*Exercise goal*
Only the pictures are to be dropped, and the rest of the data should be copied exactly.

*Dataset extract*
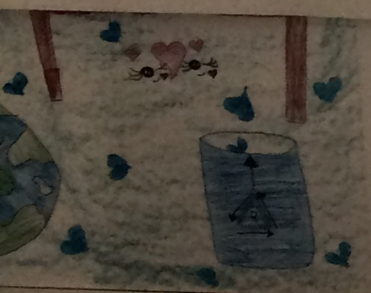
氏名: ... 学年: 2年 氏名: ... 動物を好きです。動物がたくさんある環境を楽しんでいます。動物を飼っています。
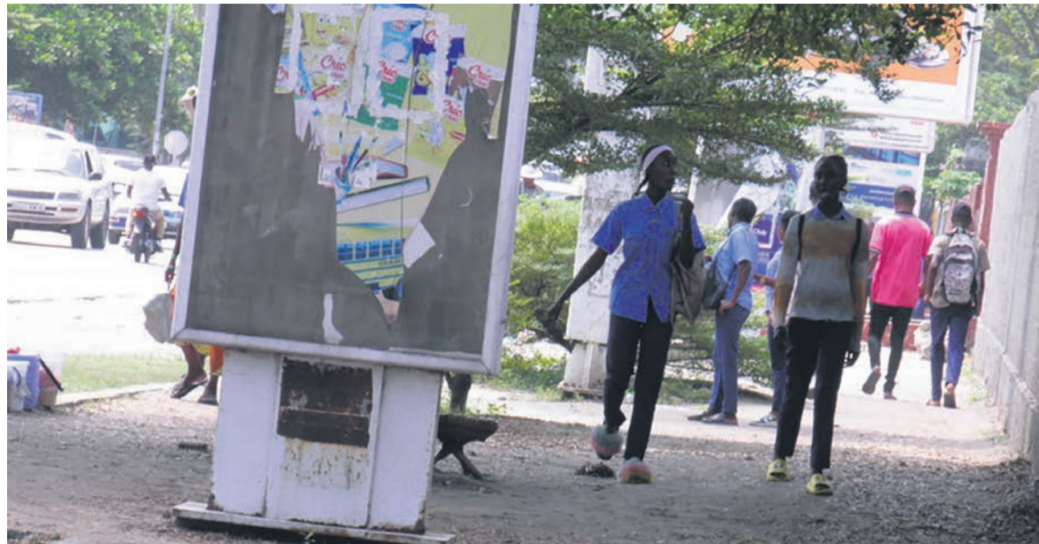
Des lycéennes rentrant à la maison après des heures sans cours

A quelques jours des compositions de fin d'année scolaire 2022-2023 et des examens d'Etat, certains enseignants des établissements secondaire du public ont abandonné le bateau au large. Le cri d'alarme des élèves s'est fait entendre à travers un micro trottoir réalisé aux alentours des lycées de Pointe-Noire.
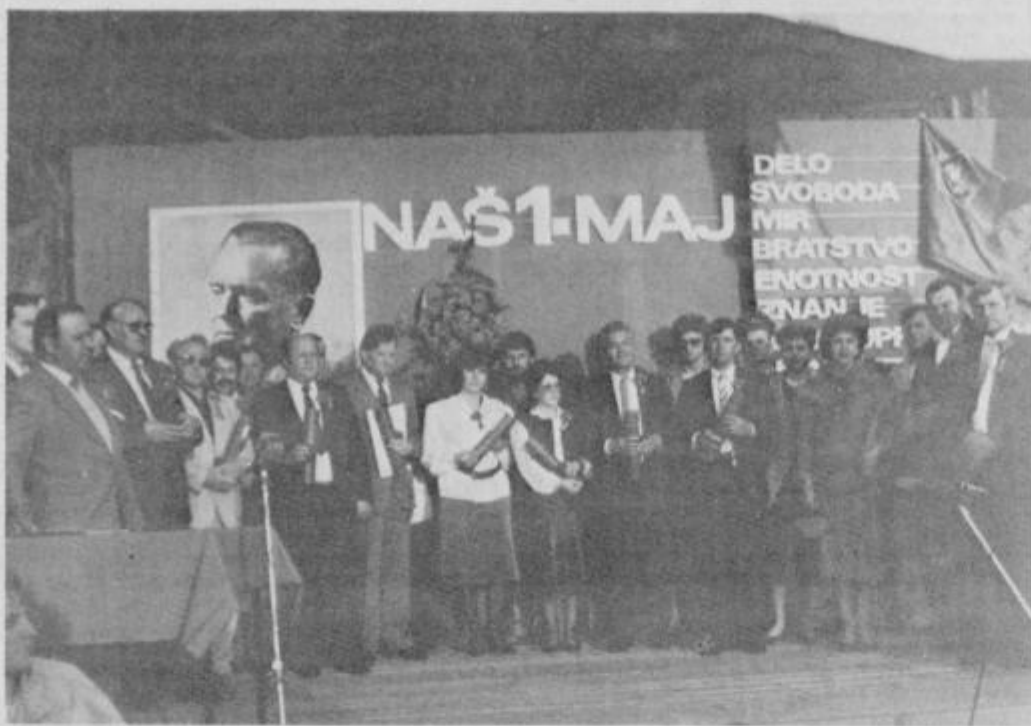
Skupni posnetek letošnjih dobitnikov srebrnega znaka Zveze sindikatov Slovenije.

Zasluznim osnovnim sindikal- nim organizacijam in sindikal- nim delavcem so podelili dvajset srebrnih znakov ZSS in pri tem upoštevali predvsem tiste kandi- date, ki so v daljšem obdobju ne- prekinjeno dosegali nadpovpre- čne rezultate in uspehe pri ure- ničevanju interesov in samou- pravnih pravic delavcev. Ta priznanja so letos prejeli: OO ZSS TOZD Vzdrževanje v TGA Ki- dričevo, OO ZSS Železniške pos- taje Ptuj, OO ZSS obrtnih de- lavcev na področju samostojne-
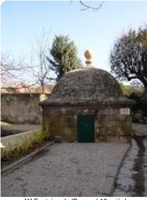
[1] Fontaine de 'Bormes' 16e siècle.
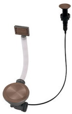
Desagüe automático Space Push Copper
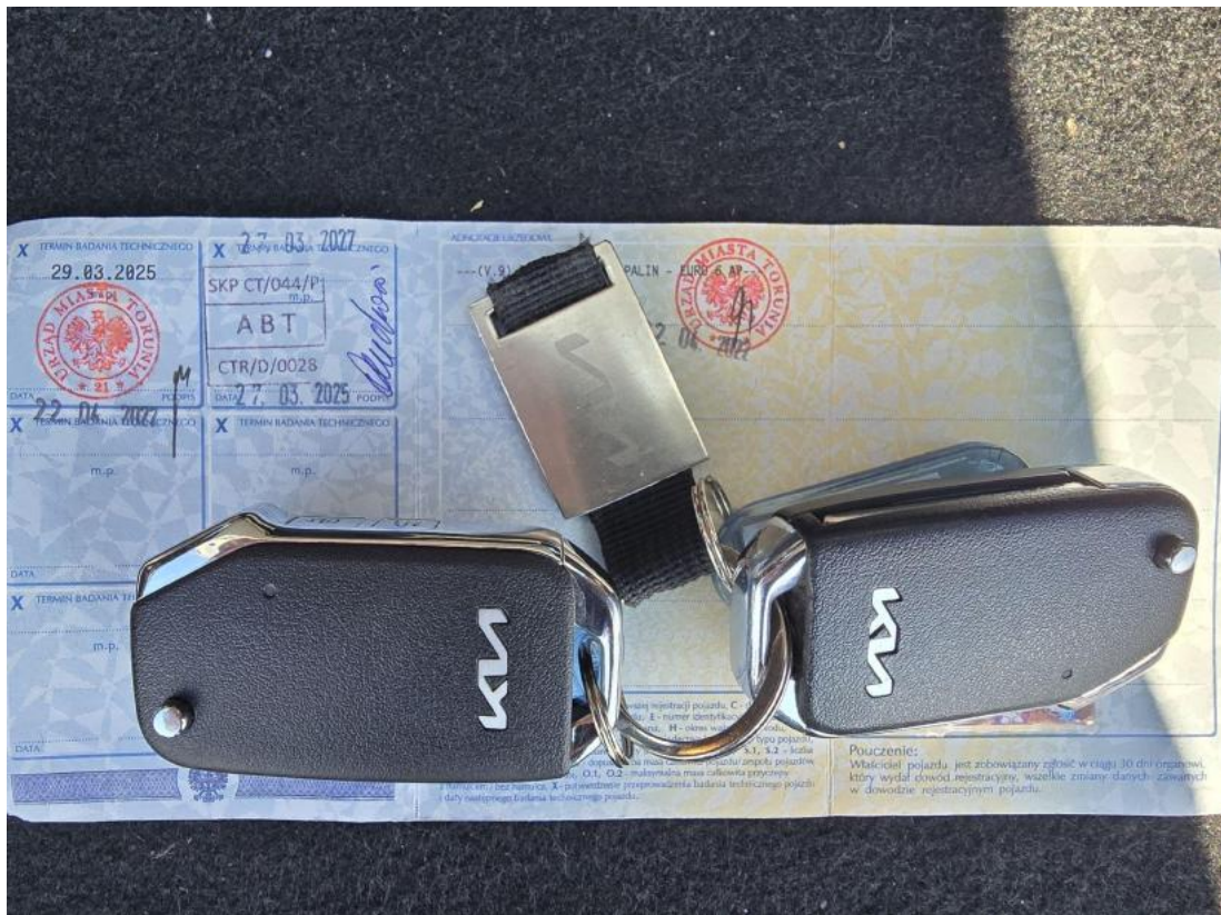
Fot. 29 Dow. Rej. Str.2 i klucze
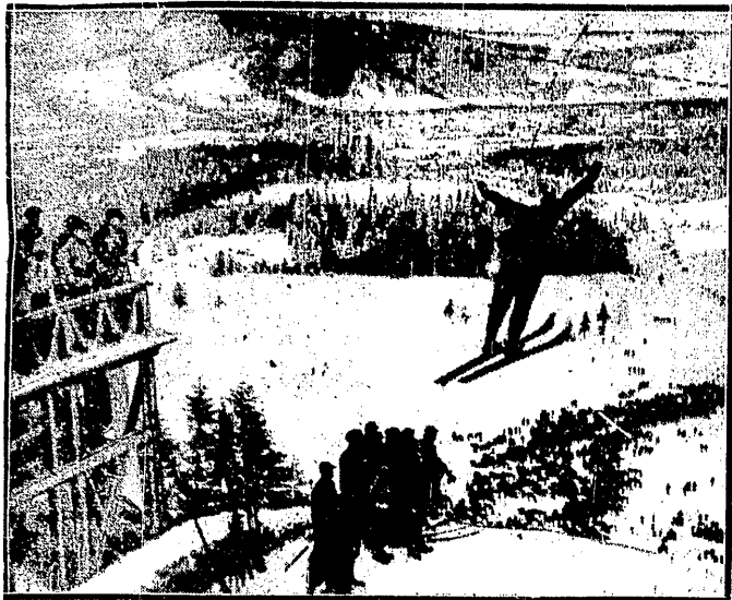
REKORDOWY SKOK NARCIARSKI

Brawo narciarki polskie! Wyniki biegu pań są następujące:
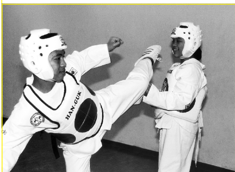
Fotografia de la Associació Esportiva Ciutat Vella-Barcelona

L'esport, parla realment totes les llengües?
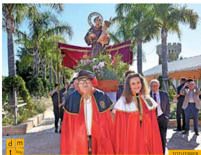
Processó de Sant Antoni de Pàdua encapçalada pels vescomtes de Biart

Anaya va anunciar a tots els assistents que el motiu pel qual es feia l'actuació de la vescomtessa era l'homenatge a la societat francesa que en l'edició del Dia Mundial del Turisme de l'any 2016 es va dur a terme com a mostra de suport als atemptats que van patir. I per la qual cosa es va col·locar l'escultura del mapa francès davant de la bandera.
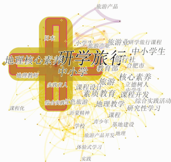
图3 关键词共现网络图谱

研学旅行育人价值通过学习积累而实现。在研学旅行情境中,学习如何发生?已有研究主要分为3个视角:经验学习理论、情境学习理论和建构学习理论。依据经验学习理论,研学旅行过程中学习受到认知因素、情感因素及行为因素的刺激,通过资源、知识和个体的交互,研学旅行者抓住经验、转化经验,从而实现学习的经验、反思、分析和评估等环节,反思是研学旅行者的核心行为 [7] 。依据情境学习理论,研学旅行是离开惯常的社会网络,进入一个新的临时的社会组织,唤起好奇心,引发新的学习兴趣,其本质在于新环境触发的学习兴趣和可供学习的社会组织 [8] 。依据建构学习理论,研学旅行是在原有认知结构上对新
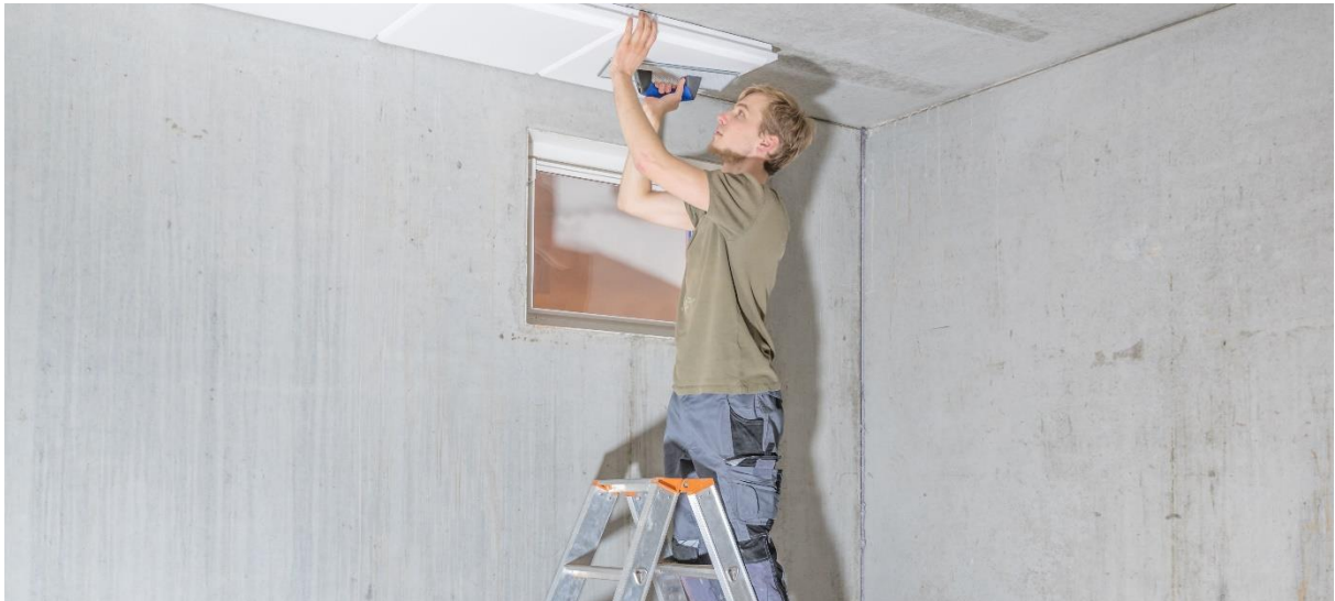
Kellerdämmung anbringen

Die nachträgliche Dämmung der Kellerdecke zahlt sich aus: Bis zu 10 Prozent der Heizenergie geht über eine ungedämmte Kellerdecke verloren. Das Dämmmaterial kann meist relativ einfach selbst angebracht werden. Den Effekt der Maßnahme spürt man direkt an den Fußsohlen: durch die Kellerdeckendämmung wird der Fußboden angenehm warm.
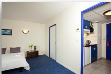
Studio lit double
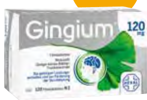
Gingium® 120 mg Filmtabletten – 120 Stück
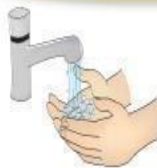
Higienização das mãos
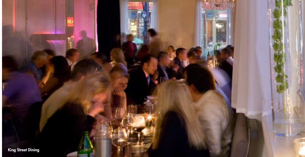
King Street Dining

St. Lawrence Market: Torontos lebhafter Farmer's Market, in einer hangarähnlichen Halle an der Front Street. Hockey Hall of Fame: Die Ruhmeshalle des kanadischen Nationalsports, mit den handsignierten Schlägern Masken und Handschuhen der kanadischen Eishockey-Göttern und dem in einem begehbaren Safe aufbewahrten Stanley Cup. Front Street. Church Wellesley Village: Einige der schrillsten Läden und besten Restaurants befinden sich hier. Das sich rund um die Church Street konzentrierende Schwulenviertel steht für Toleranz und Lebensfreude. PATH: Downtown Toronto ist im Übrigen unterkellert. PATH-Hinweisschilder führen hinab in ein Network aus insgesamt 27 Kilometer langen Fußgängertunneln, die Läden, Boutiquen und Restaurants auf mehr als 370 000 Quadratmeter Verkaufsfläche miteinander verbinden.
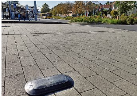
Neue Parksensoren am Parkplatz Busbahnhof.

Die Zahl der mit Parksensoren ausgestatteten Park+Ride-Plätze im Verkehrsverbund Oberelbe (VVO) wächst auf 13. Fahrgäste können nun auch für die beiden P+R-Anlagen in Meissen-Triebischtal und am Meißner Bahnhof online prüfen, ob noch Plätze frei sind. Der VVO hat rund 41.000 Euro in die Technik investiert.
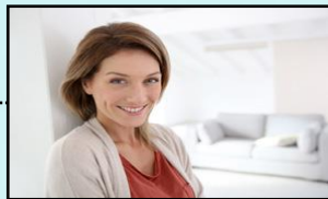
妈妈 māma 어머니
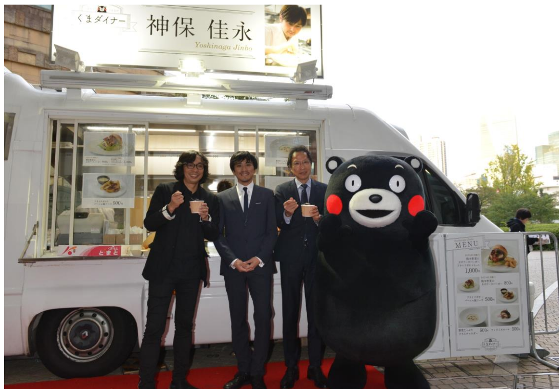
「“元気な熊本”を東京へお届けしたい！」という想いのもと、六本木ヒルズアリーナにて、トップシェフによる熊本の食材を使用したオリジナルフードコーナー「くまダイナー in 東京国際映画祭」を出店 左から 行定勲(監督) 米村亮太郎(俳優) 姜尚中(政治学者) くまモン
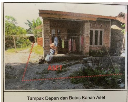
Tampak Depan dan Batas Kanan Aset
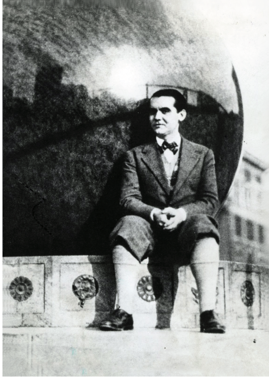
لوركا في حرم جامعة كولومبيا بنيويورك.
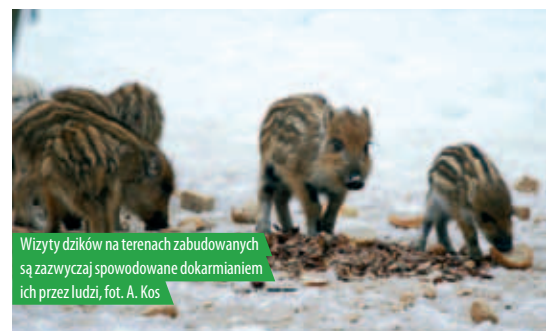
Wizyty dzików na terenach zabudowanych są zazwyczaj spowodowane dokarmianiem ich przez ludzi

W Referacie Ochrony Środowiska w urzędzie można otrzymać repelent odstraszający dziki. Osoby zainteresowane mogą się zgłosić do referatu w godzinach otwarcia urzędu: pok. nr 6, I piętro. Należy przynieść ze sobą pojemnik o pojemności 250 ml ze spryskiwaczem. W przypadku pytań lub wątpliwości prosimy o kontakt z pracownikami Referatu Ochrony Środowiska Urzędu Gminy Jabłonna, tel. (22) 767 73 29 lub 767 73 24.
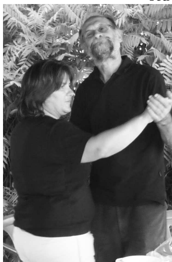
Keď je práca vykonaná, môžu sa zabávať aj kuchári...
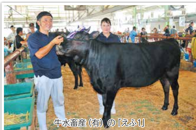
牛水畜産(有)の「えふ1」

5年後に開かれる第12回全共は霧島市牧園地区で開催されます。鹿児島県での開催は第2回大会（昭和45年開催）以来の2回目となります。
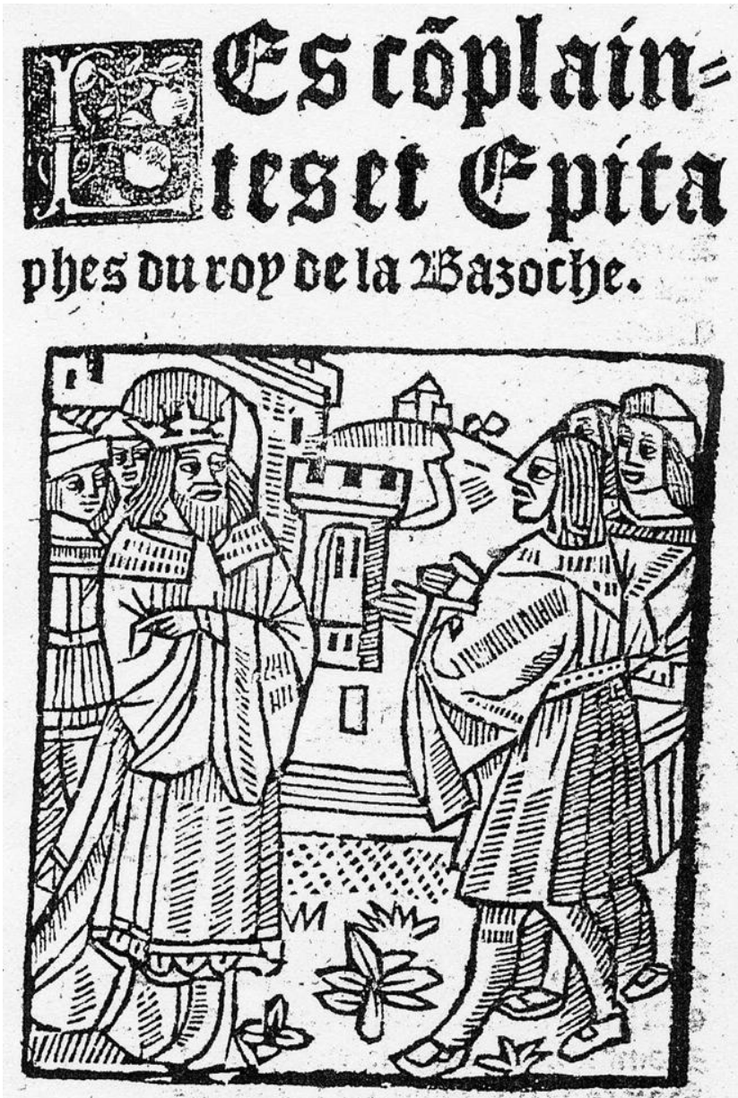
Fig. 2: Le roi de la basoche. Bois gravé de l'édition de 1520 des «Complaintes et Épitaphes du Roy de la Bazoche» d'André de la Vigne (1501).

*Result of this task*
氏名: ... 学年: 2年 氏名: ... 動物を好きです。動物がたくさんある環境を楽しんでいます。動物を飼っています。
Des lycéennes rentrant à la maison après des heures sans cours

A quelques jours des compositions de fin d'année scolaire 2022-2023 et des examens d'Etat, certains enseignants des établissements secondaire du public ont abandonné le bateau au large. Le cri d'alarme des élèves s'est fait entendre à travers un micro trottoir réalisé aux alentours des lycées de Pointe-Noire.
Skupni posnetek letošnjih dobitnikov srebrnega znaka Zveze sindikatov Slovenije.

Zasluznim osnovnim sindikal- nim organizacijam in sindikal- nim delavcem so podelili dvajset srebrnih znakov ZSS in pri tem upoštevali predvsem tiste kandi- date, ki so v daljšem obdobju ne- prekinjeno dosegali nadpovpre- čne rezultate in uspehe pri ure- ničevanju interesov in samou- pravnih pravic delavcev. Ta priznanja so letos prejeli: OO ZSS TOZD Vzdrževanje v TGA Ki- dričevo, OO ZSS Železniške pos- taje Ptuj, OO ZSS obrtnih de- lavcev na področju samostojne-
[1] Fontaine de 'Bormes' 16e siècle.
Desagüe automático Space Push Copper
Fot. 29 Dow. Rej. Str.2 i klucze
REKORDOWY SKOK NARCIARSKI

Brawo narciarki polskie! Wyniki biegu pań są następujące:
Fotografia de la Associació Esportiva Ciutat Vella-Barcelona

L'esport, parla realment totes les llengües?
Processó de Sant Antoni de Pàdua encapçalada pels vescomtes de Biart

Anaya va anunciar a tots els assistents que el motiu pel qual es feia l'actuació de la vescomtessa era l'homenatge a la societat francesa que en l'edició del Dia Mundial del Turisme de l'any 2016 es va dur a terme com a mostra de suport als atemptats que van patir. I per la qual cosa es va col·locar l'escultura del mapa francès davant de la bandera.
图3 关键词共现网络图谱

研学旅行育人价值通过学习积累而实现。在研学旅行情境中,学习如何发生?已有研究主要分为3个视角:经验学习理论、情境学习理论和建构学习理论。依据经验学习理论,研学旅行过程中学习受到认知因素、情感因素及行为因素的刺激,通过资源、知识和个体的交互,研学旅行者抓住经验、转化经验,从而实现学习的经验、反思、分析和评估等环节,反思是研学旅行者的核心行为 [7] 。依据情境学习理论,研学旅行是离开惯常的社会网络,进入一个新的临时的社会组织,唤起好奇心,引发新的学习兴趣,其本质在于新环境触发的学习兴趣和可供学习的社会组织 [8] 。依据建构学习理论,研学旅行是在原有认知结构上对新
Kellerdämmung anbringen

Die nachträgliche Dämmung der Kellerdecke zahlt sich aus: Bis zu 10 Prozent der Heizenergie geht über eine ungedämmte Kellerdecke verloren. Das Dämmmaterial kann meist relativ einfach selbst angebracht werden. Den Effekt der Maßnahme spürt man direkt an den Fußsohlen: durch die Kellerdeckendämmung wird der Fußboden angenehm warm.
Studio lit double
Gingium® 120 mg Filmtabletten – 120 Stück
Higienização das mãos
King Street Dining

St. Lawrence Market: Torontos lebhafter Farmer's Market, in einer hangarähnlichen Halle an der Front Street. Hockey Hall of Fame: Die Ruhmeshalle des kanadischen Nationalsports, mit den handsignierten Schlägern Masken und Handschuhen der kanadischen Eishockey-Göttern und dem in einem begehbaren Safe aufbewahrten Stanley Cup. Front Street. Church Wellesley Village: Einige der schrillsten Läden und besten Restaurants befinden sich hier. Das sich rund um die Church Street konzentrierende Schwulenviertel steht für Toleranz und Lebensfreude. PATH: Downtown Toronto ist im Übrigen unterkellert. PATH-Hinweisschilder führen hinab in ein Network aus insgesamt 27 Kilometer langen Fußgängertunneln, die Läden, Boutiquen und Restaurants auf mehr als 370 000 Quadratmeter Verkaufsfläche miteinander verbinden.
Neue Parksensoren am Parkplatz Busbahnhof.

Die Zahl der mit Parksensoren ausgestatteten Park+Ride-Plätze im Verkehrsverbund Oberelbe (VVO) wächst auf 13. Fahrgäste können nun auch für die beiden P+R-Anlagen in Meissen-Triebischtal und am Meißner Bahnhof online prüfen, ob noch Plätze frei sind. Der VVO hat rund 41.000 Euro in die Technik investiert.
妈妈 māma 어머니
「“元気な熊本”を東京へお届けしたい！」という想いのもと、六本木ヒルズアリーナにて、トップシェフによる熊本の食材を使用したオリジナルフードコーナー「くまダイナー in 東京国際映画祭」を出店 左から 行定勲(監督) 米村亮太郎(俳優) 姜尚中(政治学者) くまモン
Tampak Depan dan Batas Kanan Aset
لوركا في حرم جامعة كولومبيا بنيويورك.
Wizyty dzików na terenach zabudowanych są zazwyczaj spowodowane dokarmianiem ich przez ludzi

W Referacie Ochrony Środowiska w urzędzie można otrzymać repelent odstraszający dziki. Osoby zainteresowane mogą się zgłosić do referatu w godzinach otwarcia urzędu: pok. nr 6, I piętro. Należy przynieść ze sobą pojemnik o pojemności 250 ml ze spryskiwaczem. W przypadku pytań lub wątpliwości prosimy o kontakt z pracownikami Referatu Ochrony Środowiska Urzędu Gminy Jabłonna, tel. (22) 767 73 29 lub 767 73 24.
Keď je práca vykonaná, môžu sa zabávať aj kuchári...
牛水畜産(有)の「えふ1」

5年後に開かれる第12回全共は霧島市牧園地区で開催されます。鹿児島県での開催は第2回大会（昭和45年開催）以来の2回目となります。
Fig. 2: Le roi de la basoche. Bois gravé de l'édition de 1520 des «Complaintes et Épitaphes du Roy de la Bazoche» d'André de la Vigne (1501).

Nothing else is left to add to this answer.